Print out the data that follows exactly, character for character, apart from the pictures.
Stored data Block Start
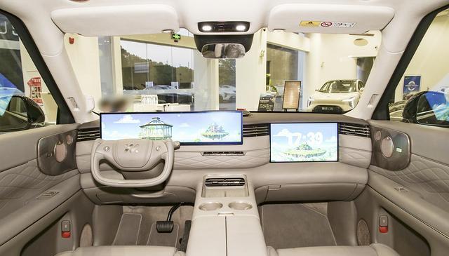 新车的前脸使用了大面积封闭式的造型,主要是突出的灯组的设计,灯组为分体式结构,上部是贯穿式U形灯带,下部的灯组是门形的轮廓,内部是矩阵式的光源结构,有着不错的精致感。车顶前部带有激光雷达,两侧还提供了一体式探射灯。
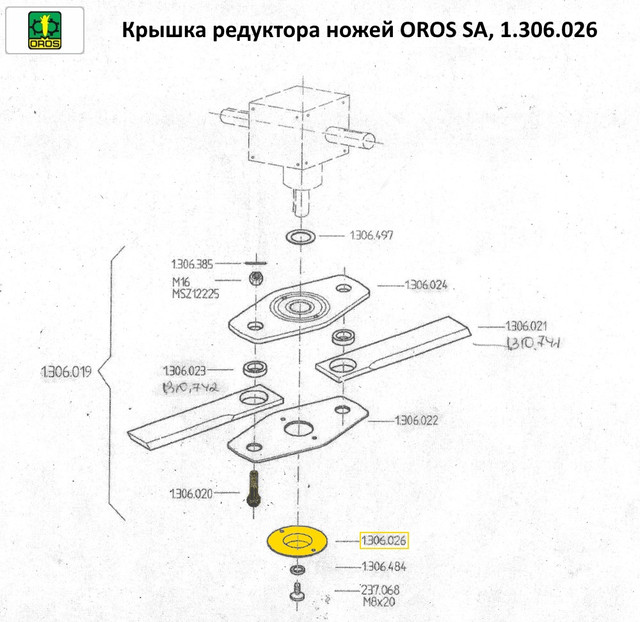 Крышка редуктора ножей жатки OROS SA, 1.306.026
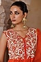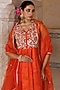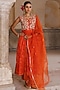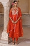 Featuring an orange anarkali in silk base with hand embroidery. It is paired with silk pants and an organza aari embroidered dupatta. Accentuate it with dangler earrings and heels for festive occasions or sangeet ceremony.
Stored data Block End
The answer>
 新车的前脸使用了大面积封闭式的造型,主要是突出的灯组的设计,灯组为分体式结构,上部是贯穿式U形灯带,下部的灯组是门形的轮廓,内部是矩阵式的光源结构,有着不错的精致感。车顶前部带有激光雷达,两侧还提供了一体式探射灯。
 Крышка редуктора ножей жатки OROS SA, 1.306.026
 Featuring an orange anarkali in silk base with hand embroidery. It is paired with silk pants and an organza aari embroidered dupatta. Accentuate it with dangler earrings and heels for festive occasions or sangeet ceremony.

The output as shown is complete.